DIRECTIONS FOR THIS TASK:
Give again, word for word, the lines below that run from the line with "上記の場合、水1リッターに稀" through the line with "[뉴스노크=김인호 기자] 전라남도교육청". Drop the pictures.

TASK MATERIAL:
Content starts

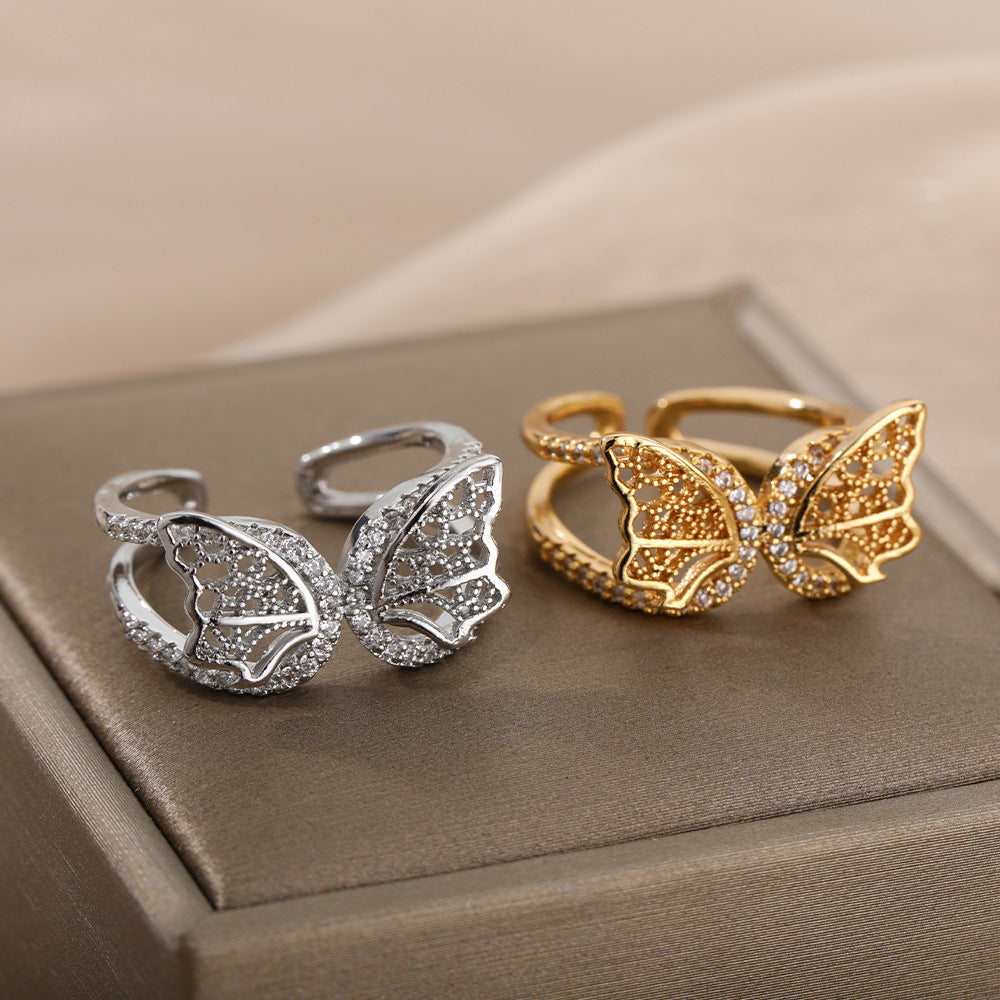 Womens Butterfly Zircon Copper Adjustable Ring Dainty Elegant Fashion Jewelry For Everyday Wear And Occasions
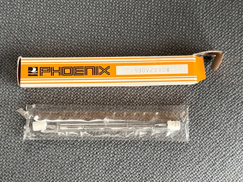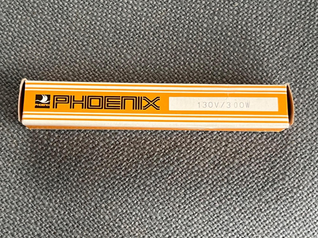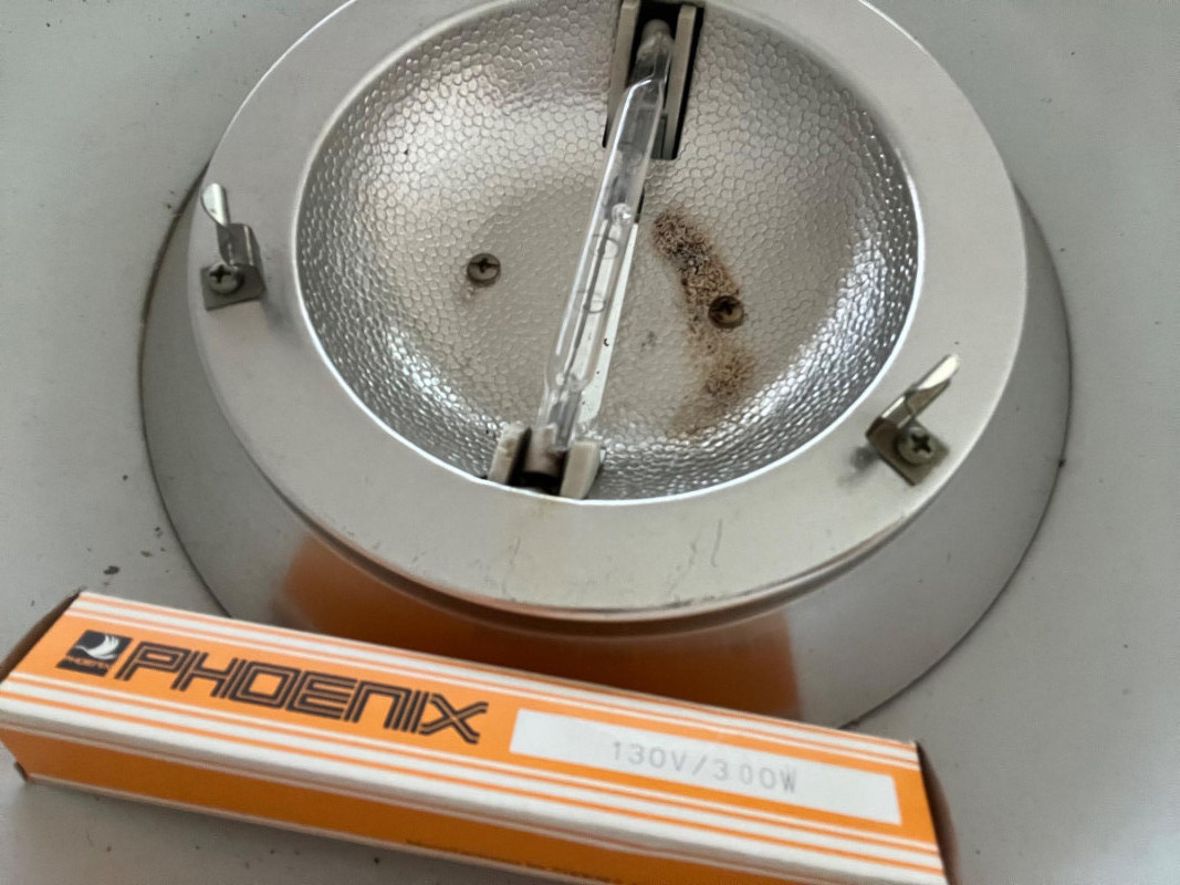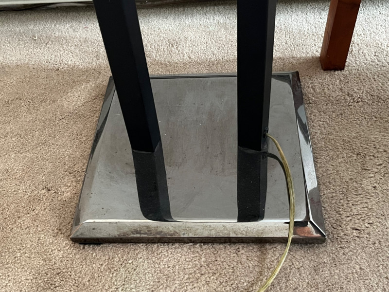 Vintage floor lamp with a dimmer peddle on the electrical cord. Lightbulb is a 130V/300W T 3 double-ended halogen lamp. Unopened lightbulb from UK brand Phoenix included in this lot. Great post modern design for any modern or vintage style that needs to lighten up bit.
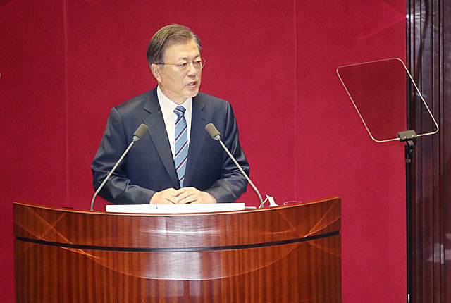 문재인 대통령이 28일 오전 서울 여의도 국회에서 2021년도 예산안 시정연설을 하고 있다.
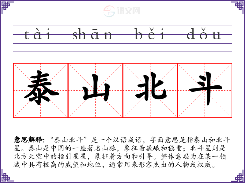 在**文化中,泰山和北斗星自古以来就被赋予了崇高的地位,反映了人们对自然的敬畏和对杰出人物的尊重。在现代社会,尤其是在竞争激烈的领域,能被称为“泰山北斗”的人往往是行业的领军者或思想的引领者,代表着创新和卓越。
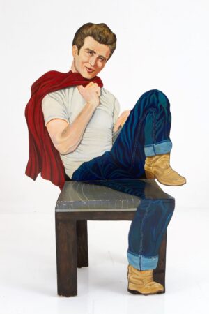 KATHY CALLAHAN © (Massachusetts, 1969) Sedia in legno dipinto raffigurante “JAMES DEAN”. Firmata e datata 1989 sul retro. Lievi segni di usura del tempo.
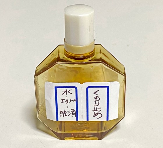 上記の場合、水1リッターに稀釈したが、本曇り止め剤は混合物質の比率が重要であり、水による希釈量は任意である。この場合、水による希釈量に実用上の制限があるが、この例示の濃度は曇り止め剤の保存性及び安定性からみて、最適な濃度の数量である。例示の成分の濃度組成を持つ溶液の全体は、使用時には曇り止め剤としての機能を有する限り、任意に水で希釈して使用することができる。
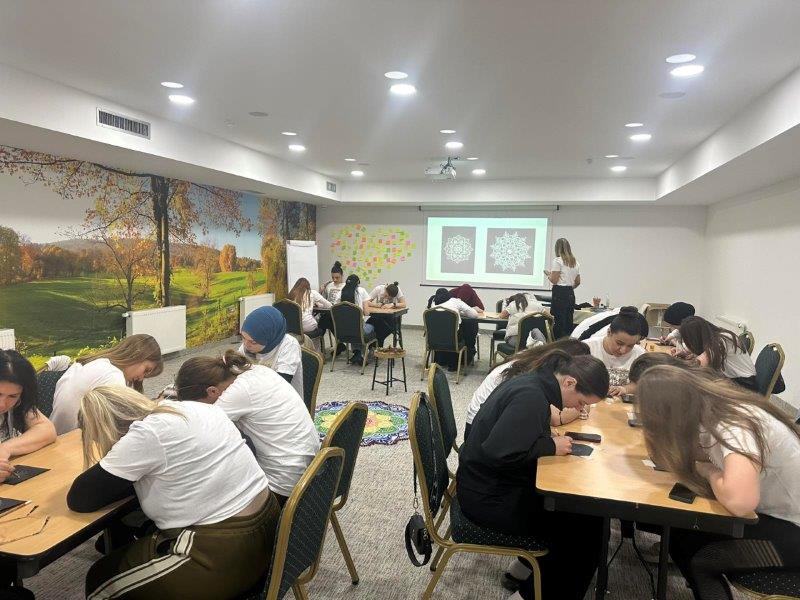 The program also included a trip to the capital of Bosnia and Herzegovina and a guided hiking tour on Trebević, where participants enjoyed nature, panoramic views, and strengthened team spirit. (Re)creative activities such as art therapy, mandala drawing, and yoga sessions provided opportunities for introspective connection, stress relief, and self-care.
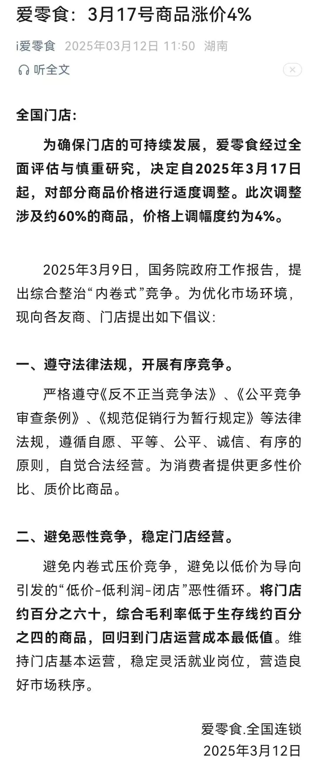 愛零食同時(shí)也表示,避免內(nèi)卷式壓價(jià)競(jìng)爭(zhēng),避免以低價(jià)為導(dǎo)向引發(fā)的“低價(jià)-低利潤-閉店”惡性循環(huán)。將門店約百分之六十,綜合毛利率低于生存線約百分之四的商品,回歸到門店運(yùn)營成本最低值。維持門店基本運(yùn)營,穩(wěn)定靈活就業(yè)崗位,營造良好市場(chǎng)秩序。
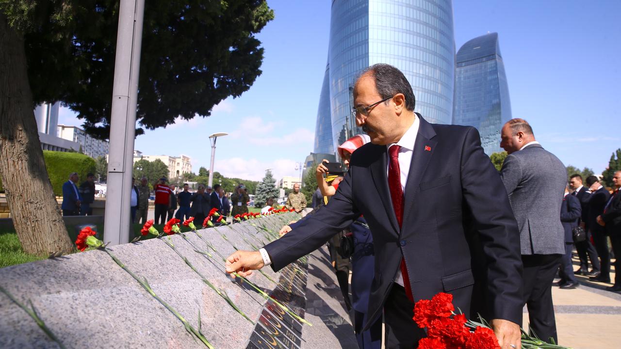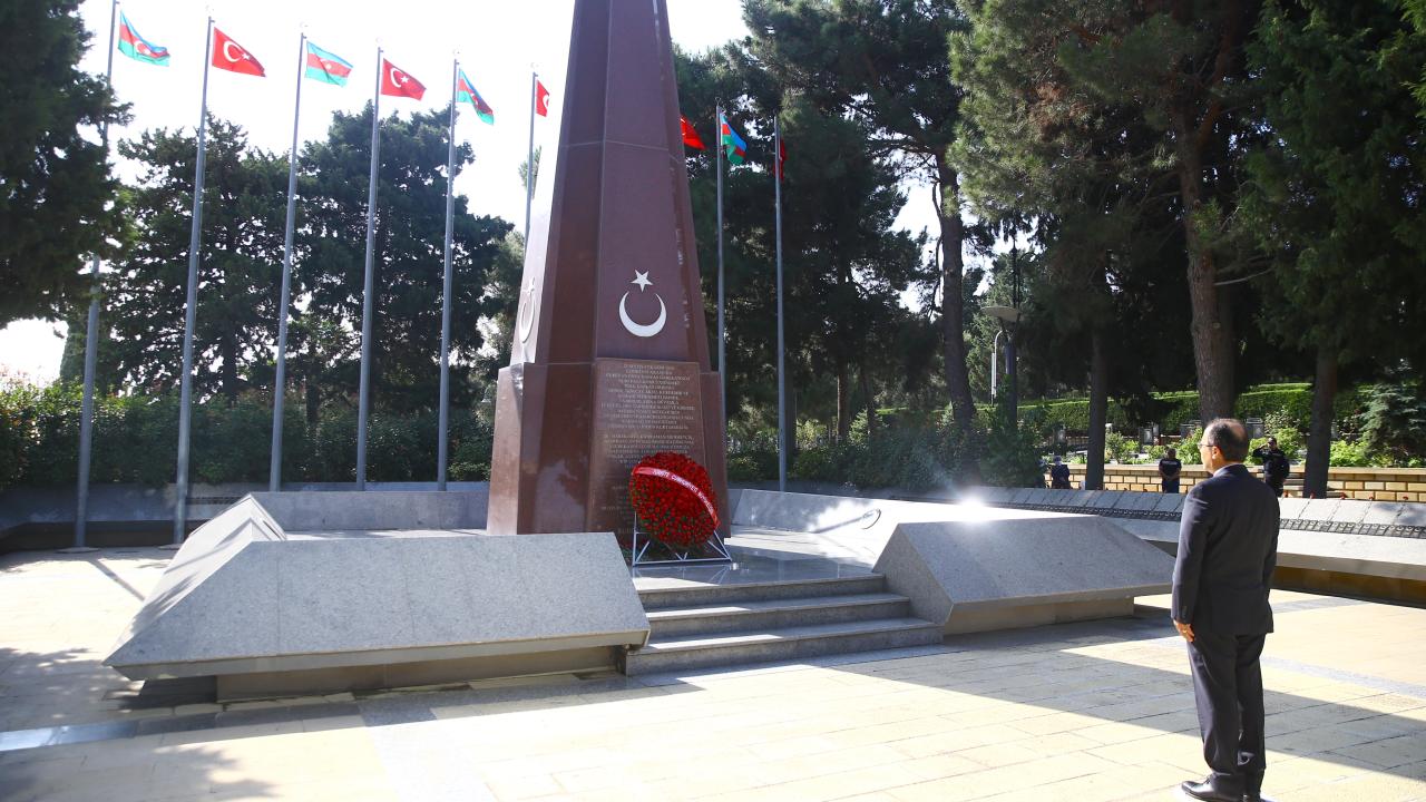 İstiklal Marşı ve Azerbaycan Milli Marşı`nın okunduğu törende Büyükelçi Bağcı, şehitlik anıtına çelenk sundu.
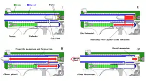 Автоматика пистолета работает по принципу отдачи полусвободного затвора. Запирание канала ствола осуществляется массой кожуха-затвора, возвратной пружиной, расположенной на стволе, и пороховыми газами, отводимыми из канала ствола во время выстрела[1]. Торможение затвора обеспечивается достаточно редко применяемым способом — с использованием давления пороховых газов в канале ствола (принцип Барницке). В стенке ствола сразу перед патронником сделано отверстие, через которое газы попадают в расположенный под стволом цилиндр и давят на поршень, связанный с затвором. Таким образом, движение затвора тормозится, пока пуля не покинет ствол и давление в канале не упадет до атмосферного.
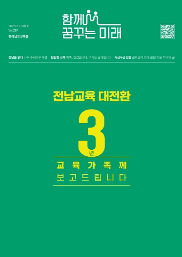 [뉴스노크=김인호 기자] 전라남도교육청 소식지 '함께 꿈꾸는 미래' 2025년 7+8월호가 나왔다. 이번 호는 주민직선 4기 출범 3주년을 맞아 전남 교육현장에서 싹튼 혁신의 장면들을 취재해 실었다. 학령 인구 감소, 작은학교 및 이주배경 학생 증가 등 전남교육이 직면한 위기를 기회로 활용하고 있는 ‘전남교육 대전환’의 모습을 기사에서 엿볼 수 있다.
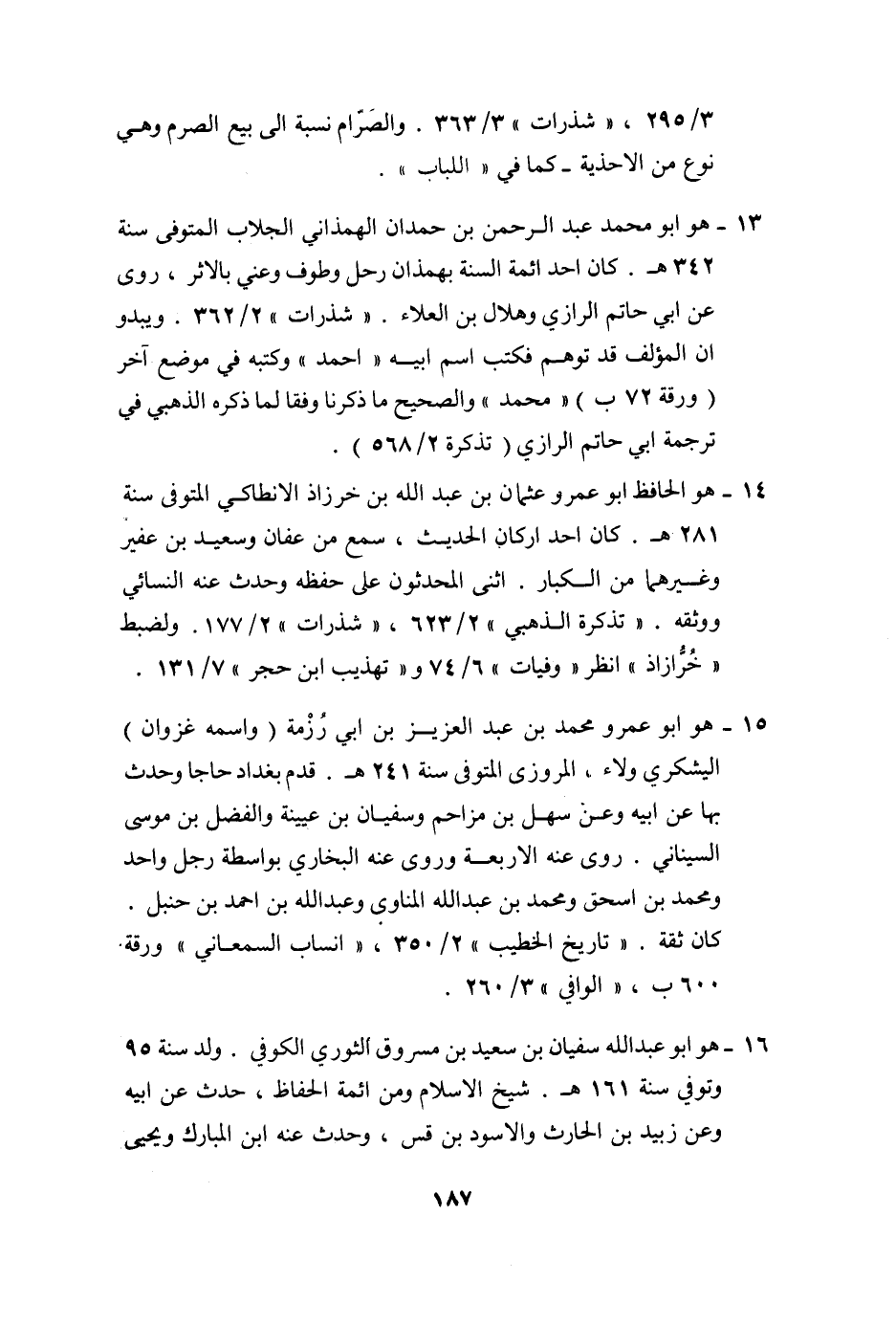 13- هو ابو محمد عبد الرحمن بن حمدان الهمذاني الجلاب المتوفى سنة 342 هـ. كان احد ائمة السنة بهمذان رحل وطوف وعني بالاثر، روى عن ابي حاتم الرازي وهلال بن العلاء. «شذرات» 2/362. ويبدو ان المؤلف قد توهم فكتب اسم ابيه «احمد» وكتبه في موضع آخر (ورقة 72 ب) «محمد» والصحيح ما ذكرنا وفقا لما ذكره الذهبي في ترجمة ابي حاتم الرازي (تذكرة 2/568) .

Content ends

REPLY:
 上記の場合、水1リッターに稀釈したが、本曇り止め剤は混合物質の比率が重要であり、水による希釈量は任意である。この場合、水による希釈量に実用上の制限があるが、この例示の濃度は曇り止め剤の保存性及び安定性からみて、最適な濃度の数量である。例示の成分の濃度組成を持つ溶液の全体は、使用時には曇り止め剤としての機能を有する限り、任意に水で希釈して使用することができる。
 The program also included a trip to the capital of Bosnia and Herzegovina and a guided hiking tour on Trebević, where participants enjoyed nature, panoramic views, and strengthened team spirit. (Re)creative activities such as art therapy, mandala drawing, and yoga sessions provided opportunities for introspective connection, stress relief, and self-care.
 愛零食同時(shí)也表示,避免內(nèi)卷式壓價(jià)競(jìng)爭(zhēng),避免以低價(jià)為導(dǎo)向引發(fā)的“低價(jià)-低利潤-閉店”惡性循環(huán)。將門店約百分之六十,綜合毛利率低于生存線約百分之四的商品,回歸到門店運(yùn)營成本最低值。維持門店基本運(yùn)營,穩(wěn)定靈活就業(yè)崗位,營造良好市場(chǎng)秩序。
 İstiklal Marşı ve Azerbaycan Milli Marşı`nın okunduğu törende Büyükelçi Bağcı, şehitlik anıtına çelenk sundu.
 Автоматика пистолета работает по принципу отдачи полусвободного затвора. Запирание канала ствола осуществляется массой кожуха-затвора, возвратной пружиной, расположенной на стволе, и пороховыми газами, отводимыми из канала ствола во время выстрела[1]. Торможение затвора обеспечивается достаточно редко применяемым способом — с использованием давления пороховых газов в канале ствола (принцип Барницке). В стенке ствола сразу перед патронником сделано отверстие, через которое газы попадают в расположенный под стволом цилиндр и давят на поршень, связанный с затвором. Таким образом, движение затвора тормозится, пока пуля не покинет ствол и давление в канале не упадет до атмосферного.
 [뉴스노크=김인호 기자] 전라남도교육청 소식지 '함께 꿈꾸는 미래' 2025년 7+8월호가 나왔다. 이번 호는 주민직선 4기 출범 3주년을 맞아 전남 교육현장에서 싹튼 혁신의 장면들을 취재해 실었다. 학령 인구 감소, 작은학교 및 이주배경 학생 증가 등 전남교육이 직면한 위기를 기회로 활용하고 있는 ‘전남교육 대전환’의 모습을 기사에서 엿볼 수 있다.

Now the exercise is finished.